Task objective
Print exactly the lines that run from the opening line of the material through the line with "This is the", and nothing else, leaving out pictures.

(Information provided Opens)

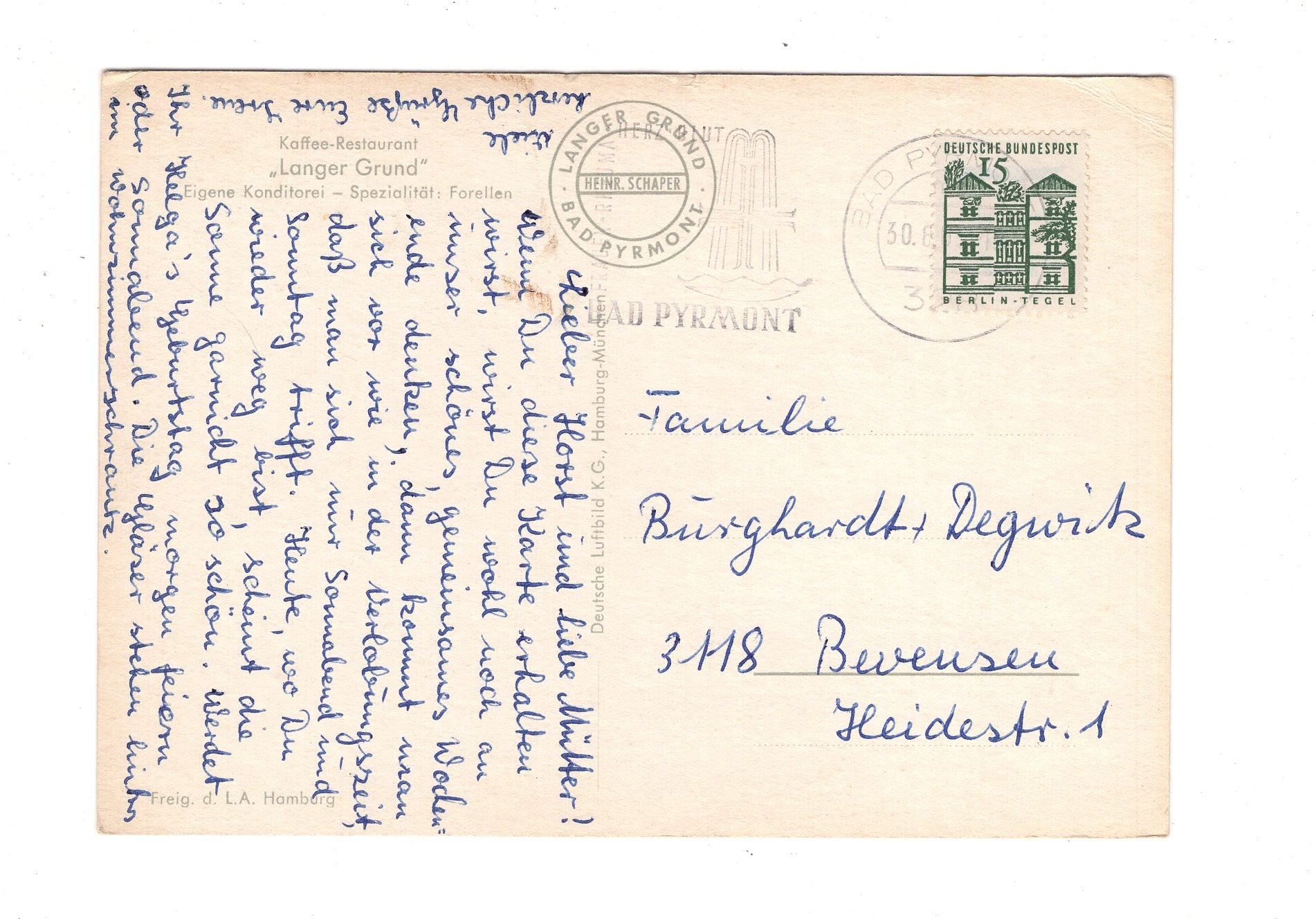 Ansichtskarte Kaffee-Restaurant Langer Grund / Bad Pyrmont / H1-59
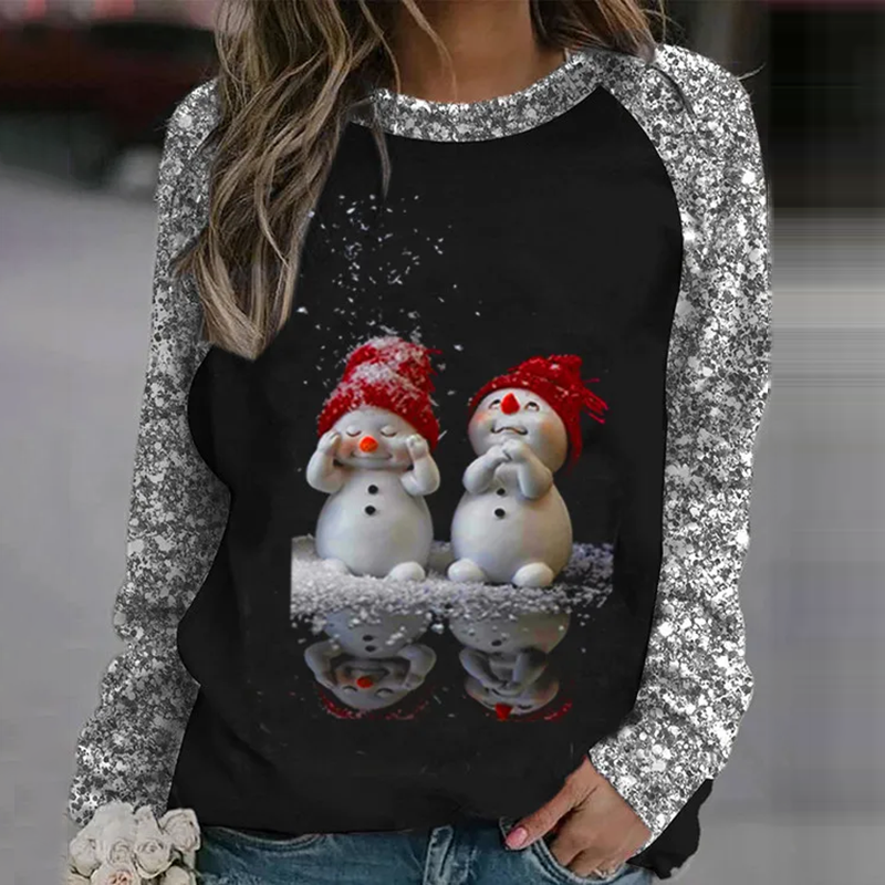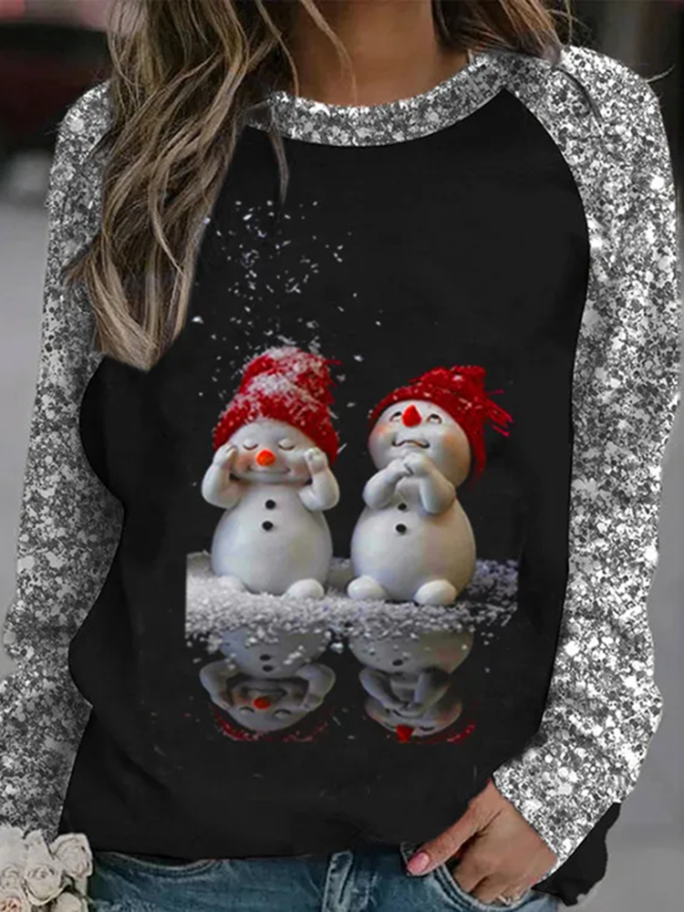 Women's Black and Silver Long Sleeve Christmas Cute Snowman Sweatshirt
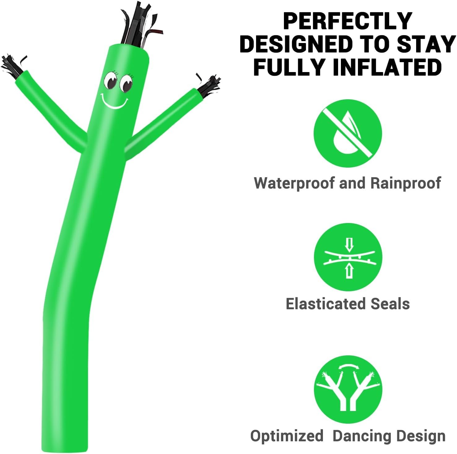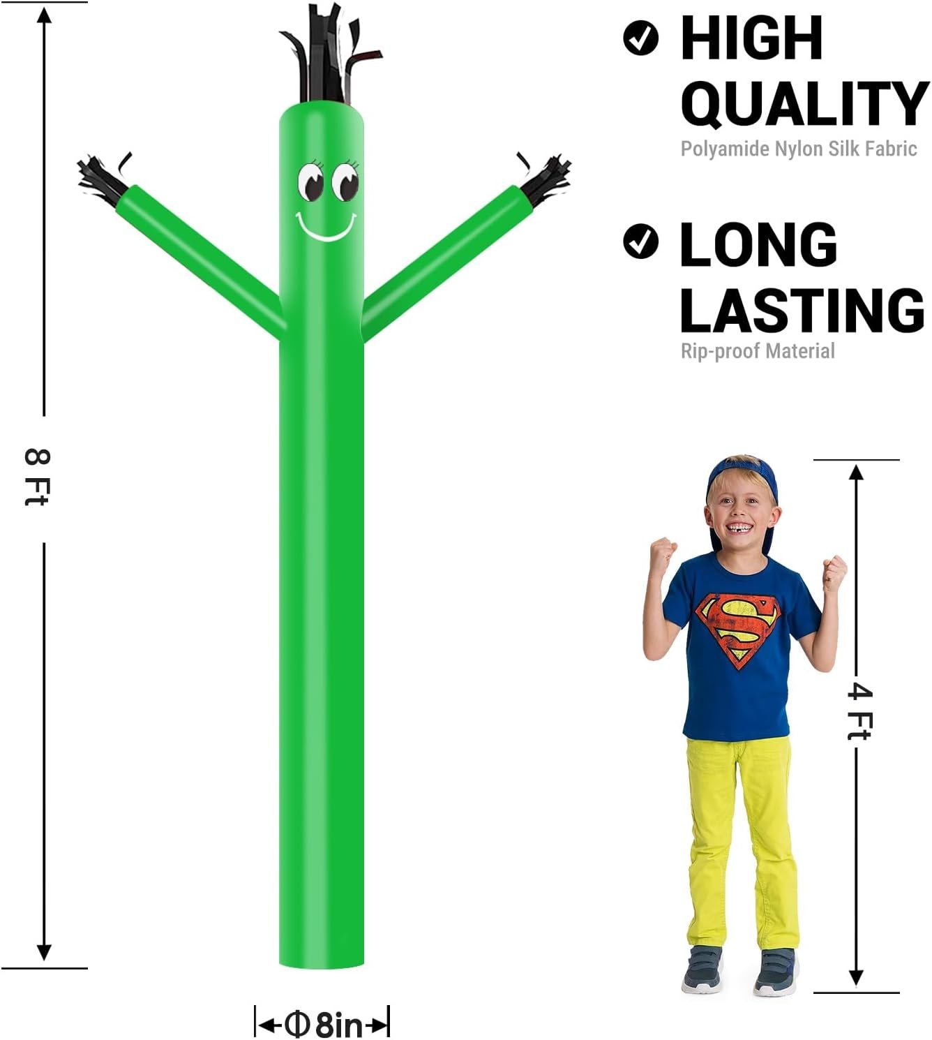 This is the dancer replacement for MOUNTO 1/3hp 8ft dancer blower. Rip resistant and UV resistant, this advertising product is made to work hard and last long. Size: 8ft tall, 8” diameter Material: High strength polyamide nylon silk Assembly: Velcro attachment to the blower Blower Requirement: 8″ Diameter Blower Package Included: 1 X Inflatable Tube Man (NO BLOWER)
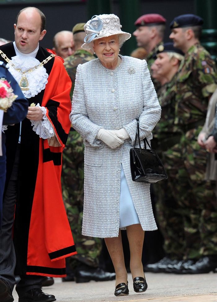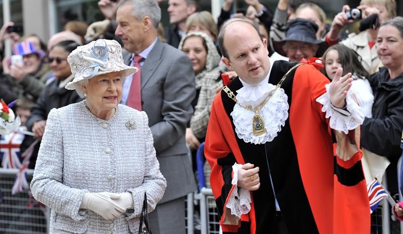 El alcalde de Bromley, David McBride (d), da la bienvenida a la reina Isabel II de Inglaterra.
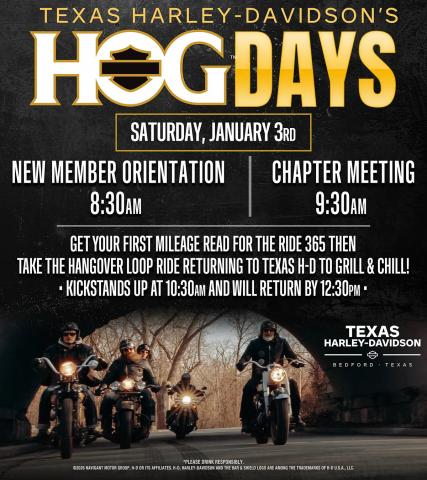 I know, what we do sounds fun, and you can't wait to join us and hang out. Do you own a Harley-Davidson? If not, just buy a new or used bike at Texas Harley-Davidson, and they will pay your membership dues for the first year!
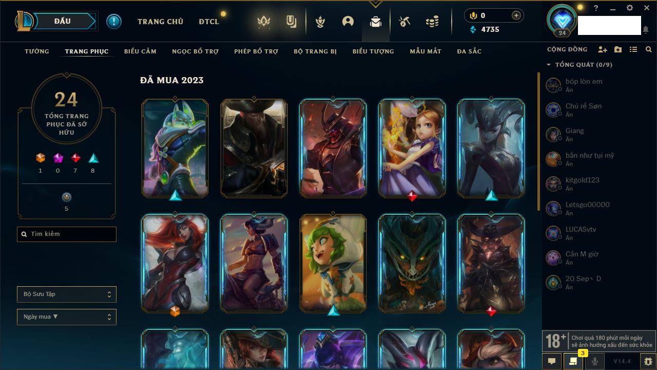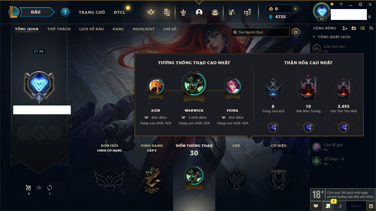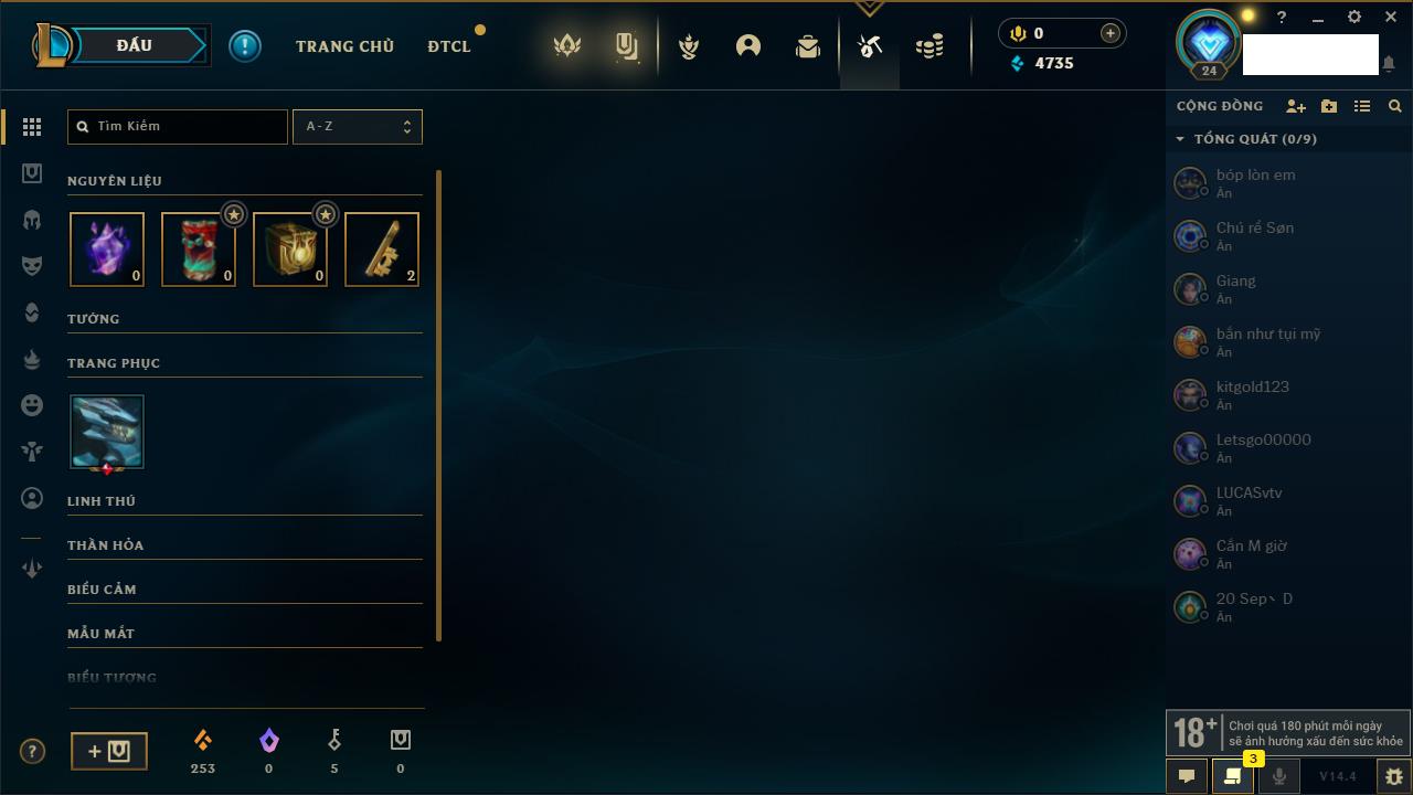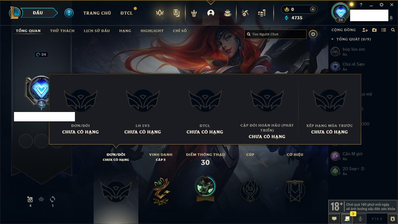 Rank Đơn: Chưa rank mùa nàoKhung: Chưa có khungTướng: 154 - Còn 1660 THXTrang Phục: 6Rank ĐTCL: Chưa RankLinh Thú: 18
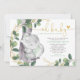 ¡OH BEBÉ! ¡Un dulce cacahuete está en camino! Impresiona a tus huéspedes con esta hermosa invitación a bañarse en una ducha neutra de género, con un ilustracion acuarela de un adorable elefante bebé rodeado de exuberante vegetación en verde y oro. Utilice los campos de plantilla para agregar sus detalles. Si desea cambiar el estilo de letra, color o ubicación del texto, simplemente haga clic en el botón "Personalizar más adelante".
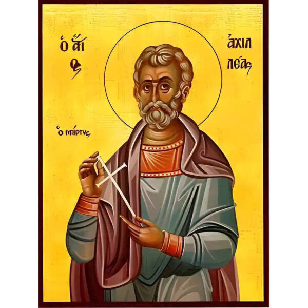 Εικόνα Ορθοδοξίας με περίγραμμα χρυσό σε ξύλο Φλαμουρίας με βάση Εικόνα ΑΓΙΟΣ ΑΧΙΛΛΕΑΣ, ΘΡΑΚΗΣ, ΜΑΡΤΥΣ Χειροποίητη Ελληνορθόδοξη εικόνα του Ιησού Χριστού, Κρεμαστή πλάκα βυζαντινής τέχνης, χριστιανική τέχνη Διάσταση 15×11 cm (5,9×4,3 ίντσες) INTRAEK-337757864994
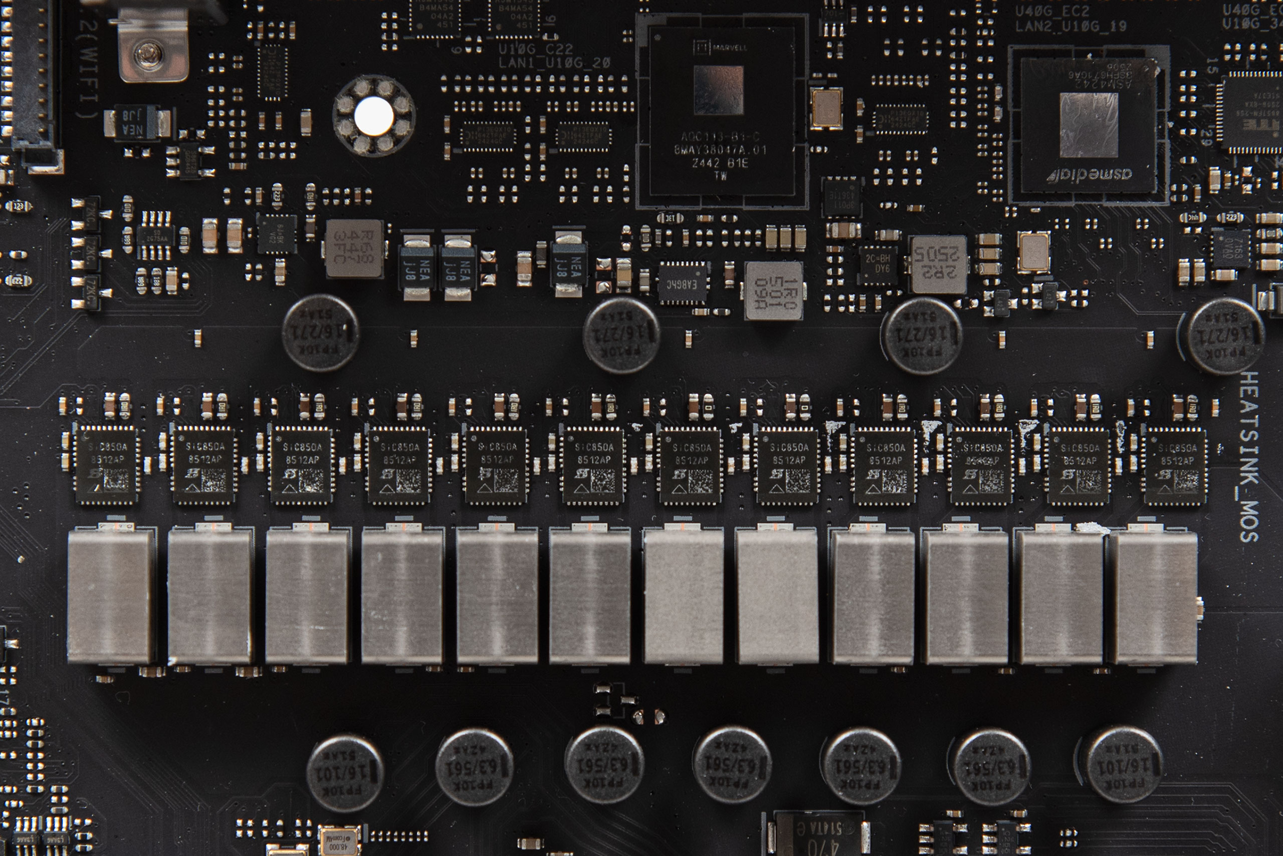 Подсистема питания имеет конструкцию 20+2+2 (VCORE+SOC+MISC). Процессорная группа управляется упомянутым ранее ШИМ-контроллером DIGI+ ASP2205, который расположен на обратной стороне платы, выделено 20 силовых элементов Vishay SiC850A, рассчитанных на 110 А (по словам производителя). Группа SoC управляется ШИМ-контроллером Richtek Technology RT3672EE, выделено еще два силовых элемента SiC850A. MISC управляется ШИМ-контроллером Infineon XDPE192838, выделено два силовых элемента Vishay SIC629, что рассчитано на 80 А. Группа MISC не имеет собственного радиатора для охлаждения (это не проблема, тепловая камера зафиксировала 63 градуса во время разгона). Питание процессора осуществляется через два армированных (ASUS ProCool II) коннектора EPS12V.

(Information provided Closes)

Task output
 Ansichtskarte Kaffee-Restaurant Langer Grund / Bad Pyrmont / H1-59
 Women's Black and Silver Long Sleeve Christmas Cute Snowman Sweatshirt
 This is the dancer replacement for MOUNTO 1/3hp 8ft dancer blower. Rip resistant and UV resistant, this advertising product is made to work hard and last long. Size: 8ft tall, 8” diameter Material: High strength polyamide nylon silk Assembly: Velcro attachment to the blower Blower Requirement: 8″ Diameter Blower Package Included: 1 X Inflatable Tube Man (NO BLOWER)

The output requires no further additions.